Ms Summers said: “’Keep your f***ing mouth shut’ or words to that effect is what you said.”

Gochman denied that and said he would put his life on the fact that Kesel’s fingerprints would be on Mr Davies’ phone, which was later found with the knife in the grounds of Cathedral View Court in Cabourne Avenue.

He also told the jury that he didn’t realise Mr Davies had been stabbed twice.

Ms Summers said of the incident: “You said that you felt pressure on your hand and it was ‘as if someone pushed it against me’.

“You’re not suggesting that Sam Davies somehow accidentally pushed himself on to your knife are you?”

Gochman said: “I didn’t say he accidentally pushed himself on to it.

“The movements of us both, it was so fast, so dark.

“He was leaping towards me. He’s six foot, I’m six foot five so he was aiming higher. Maybe that’s how it happened.”

Ms Summers said that would account for one of the wounds.

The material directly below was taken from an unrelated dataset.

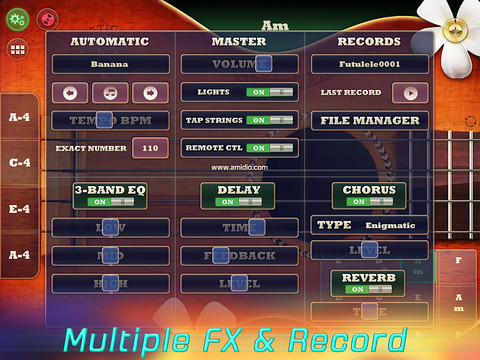 Il motore audio dell’applicazione è stato strutturato ed ideato per rendere al meglio la vostra musica ed i suoni dello strumento. Proprio per le sue caratteristiche, l’applicazione ha attirato a se tanta attenzione dal giorno del suo annuncio (primavera 2012) anche grazie alla possibilità di combinare due dispositivi iOS (iPad ed iPhone) utilizzando un particolarissimo case a forma di chitarra.

“That’s all I thought happened,” said the defendant. ”I only found out in this trial and investigation that he’d been stabbed twice.”

He added: “I only felt that pressure one time.”

Meanwhile, under cross-examination by Karim Khalil QC representing co-defendant Joe Jameson, Gochman admitted that he lied to police in interview to “distance himself” from events on the day in question.

And barrister Andrew Campbell-Tiech, representing a 17-year-old co-defendant who cannot be named, said: “You told us [the boy] had absolutely nothing to do with anything that concerns the jury. And that’s true, isn’t it?”

“Yes, absolutely nothing,” said Gochman.

Mr Campbell-Tiech said: “[The youth] told police that Charlie Wakefield had given you gloves [just prior to the attack].”

“I know. He didn’t,” replied Gochman.

“Can you think of a reason why he would make that up?” asked the barrister.

“Maybe because he was on drugs,” was the reply.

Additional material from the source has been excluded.